Caroline’s at the hospital making small talk with Crazy Nanny Carrie, who’s bedside manner is for sh*t . . .
The purpose of this conversation is two-fold. For starters, she wants to pick up her now vampire-blood infused, vampire hating daddy. For finishers, she wants to investigate the extent of Crazy Nanny’s sanity, on her bestie, Elena’s, behalf.
“So, have you ever played a character who actually WASN’T a murderer?”
Caroline comes to the conclusion that Crazy Nanny is normal, which only shows that becoming supernatural has done nothing to improve Caroline’s judgment regarding humans.

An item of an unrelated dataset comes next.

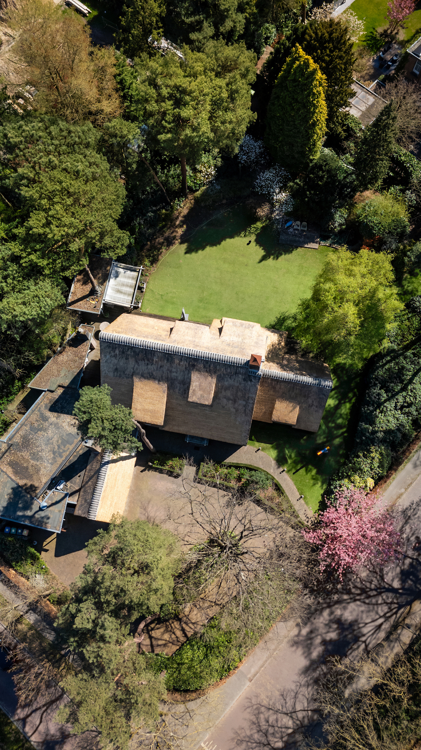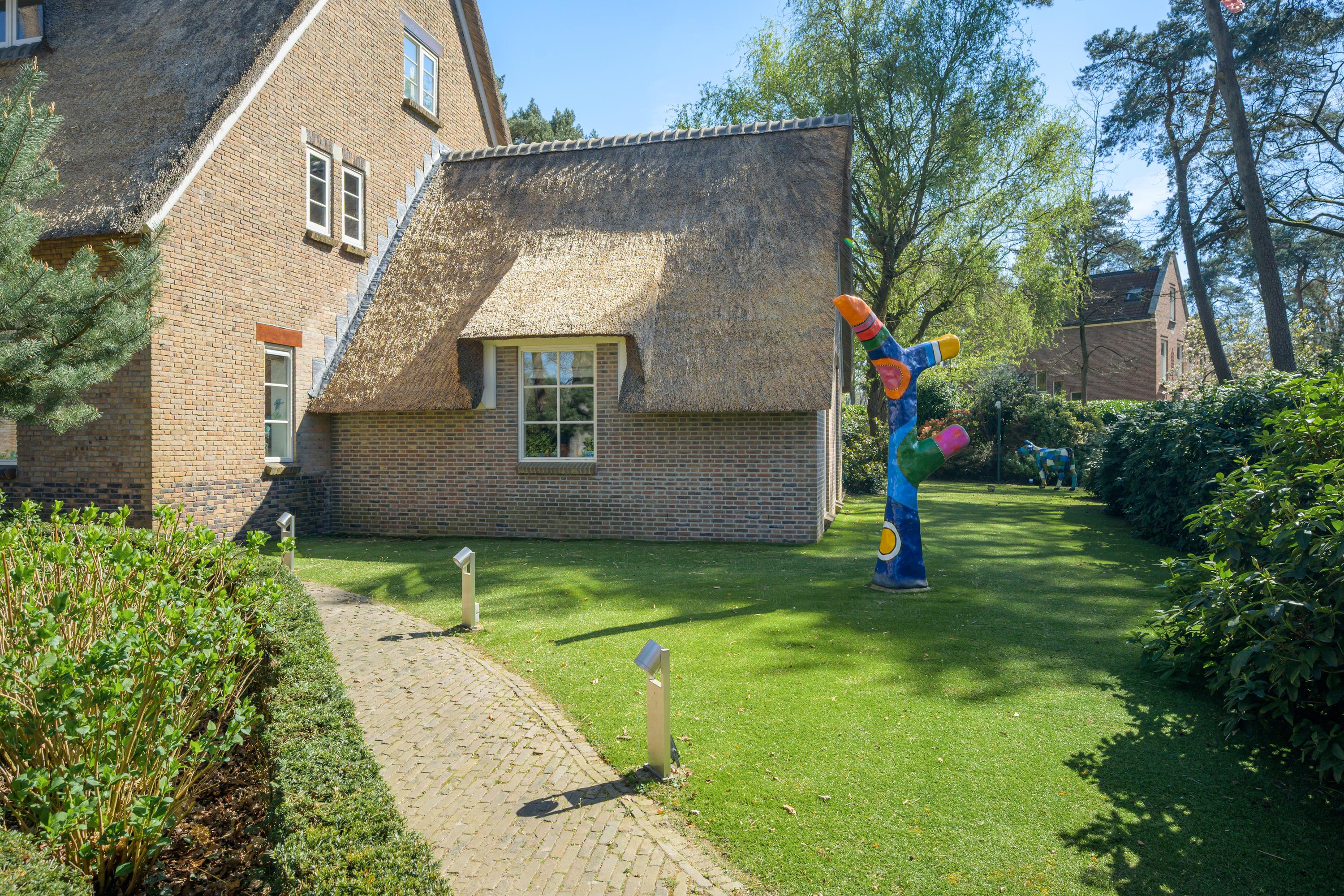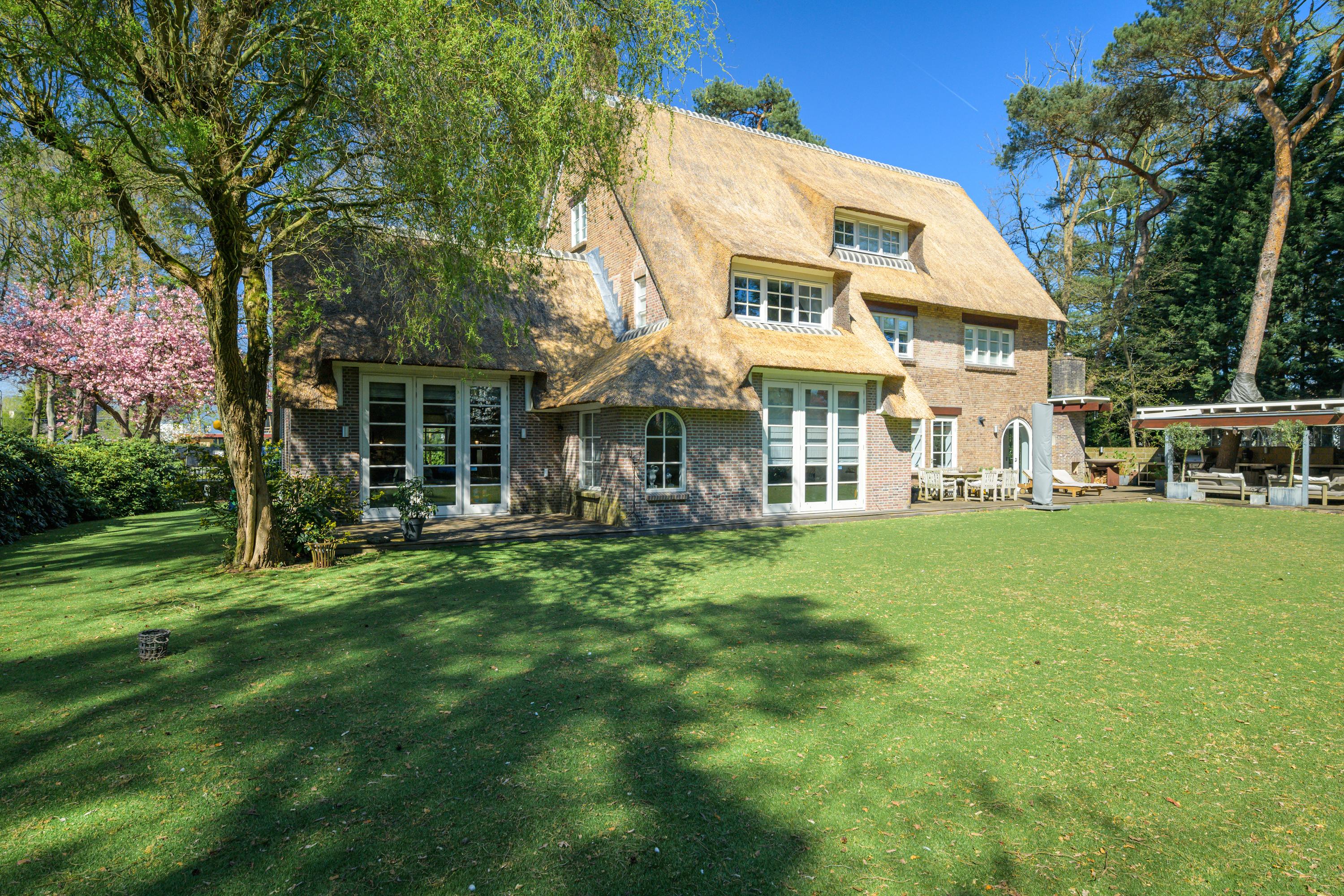 Villa Breda is an expansive country house set on 2,830 m² of wooded land in the stately Ruitersbos district, where privacy meets quiet grandeur. This villa offers 521 m² of living space, seamlessly blending original 1932 details with modern craftsmanship. The thatched roof and stained glass articulate its heritage, while extensive renovations support contemporary comfort.

But Caroline’s vampire mojo DOES have it’s perks. Using her super sensitive vampy hearing, Caroline picks up the sound of her father’s phone. And this, in turn, allows her to find her father lying dead in the medical supply closet at the hospital . . . wait for it . . . staked in the heart with one of Alaric’s weapons.
“So, THAT’S why my stomach’s been killing me!”
I know it probably makes me seem like a heartless b*tch to say this . . . especially in light of what happened later in this storyline. But I thought it was pretty funny that Elena had to explain to Caroline that her father (who had died with vampire blood in his system) was now turning into a bloodsucker. Whereas, Caroline . . . the actual bloodsucker, was completely clueless. I mean, I guess you could argue that she was in shock, and couldn’t think straight. But still . . .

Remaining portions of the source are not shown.